Désormais, l’élargissement de l’OTAN, qui était jugé décisif avec l’étape ukrainienne, devient un pari extrêmement risqué. Si cette poussée se poursuit, elle devra le faire, vu l’opposition marquée à cette perspective, dans des conditions de plus en plus scabreuses, avec des moyens semi-secrets et semi-illégaux, notamment l’intervention d’organisations frontistes washingtoniennes de plus en plus dépourvues de la couverture démocratique et la mise en avant de politiciens compromis ou extrêmement vulnérables du point de vue éthique ou, tout simplement, du point de vue du seul fonctionnement de la démocratie. D’autre part, la même poussée otanienne se heurtera à une opposition de plus en plus résolue et de plus en plus “contre-offensive” de la Russie.

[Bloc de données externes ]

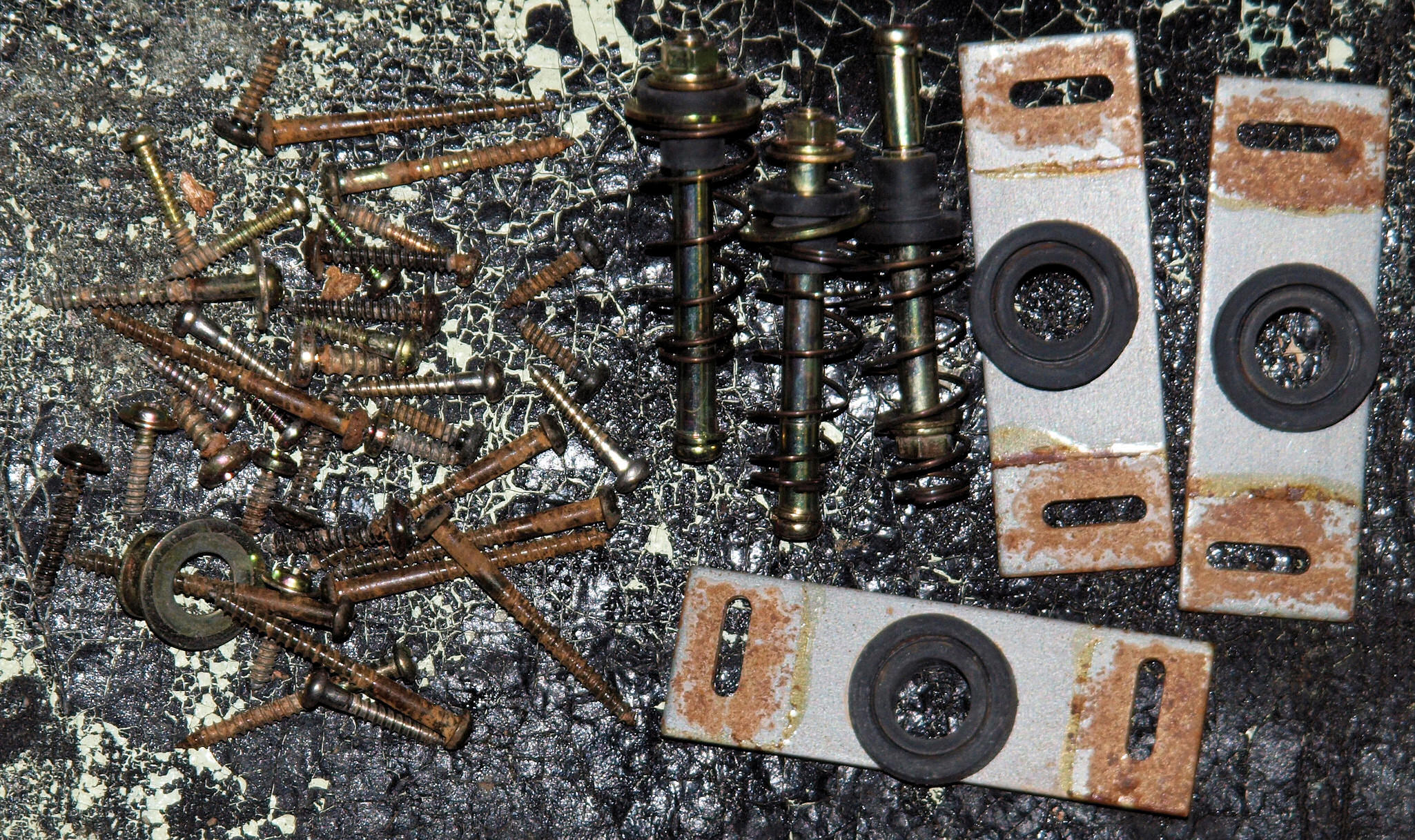CB1. 修理(塗装)前 ポンプ取り付け金具、各種止めネジ類。

(Dans le texte de Kryuchkov, repris dans nos “Choix commentés”, on trouve les précisions suivantes : « There are many proofs that Russia is already considering the tactics and the strategy of its actions if Ukraine joins NATO. One example is the Concept of Relations Between Russia and Ukraine worked out for the Russian Government by the Center for Integration Problems of the Economy Institute of the Academy of Sciences of Russia together with the CIS and Baltic States and Risk and Crises Analysis Centers of the ASR. »)

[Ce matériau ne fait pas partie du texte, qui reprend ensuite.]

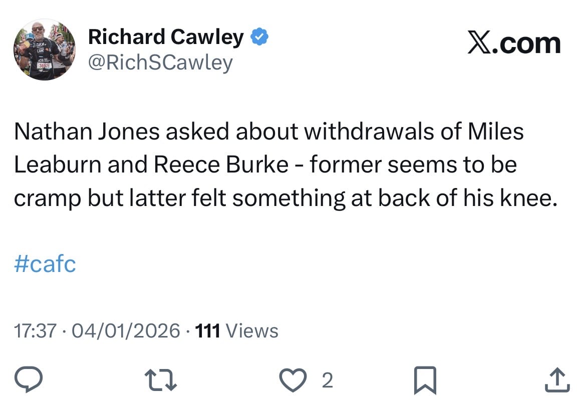 Think on the 90 mins a fair result don’t think either team done enough in tough conditions to win it … but frustrating that both their goals were down to Campbell not doing the simple job of stopping a cross into our box .. Burke going off changed the games so did our subs .. seem to affect us more … if we could have gone in at 2-0 I think that would have been different, but it’s a good point ….

C’est un sérieux problème qui est inauguré aujourd’hui à l’Ouest, où l’OTAN risque de se voir entraînée d’une façon fâcheuse par l’habituelle irresponsabilité américaniste. Il est possible que l’UE (la Commission européenne) nuance son attitude avant de voir les difficultés devenir très sérieuses. On signale à la Commission, ces derniers jours, la formation d’une minorité dans la bureaucratie pour juger que « l’on va trop loin avec l’Ukraine et qu’il serait temps de réviser cette politique dans le sens d’une plus grande attention portée à la position russe » (selon une de nos sources). C’est une minorité mais, hier, il n’était question que d’unanimité dans l’autre sens. Quant aux nations européennes de l’UE, — on parle des sérieuses, pas des “nouveaux de l’UE”, — elles devraient être conduites à réviser les options en cours pour nuancer très vite l’aventure ukrainienne des institutions occidentales, qu’elles n’ont d’ailleurs suivies que du bout des lèvres.
Le pronostic est que, dans cette affaire, l’OTAN se retrouvera seule, poussée par les Américains, à jouer le maximalisme et qu’elle y laissera des plumes. C’est la meilleure chose du monde qui puisse arriver.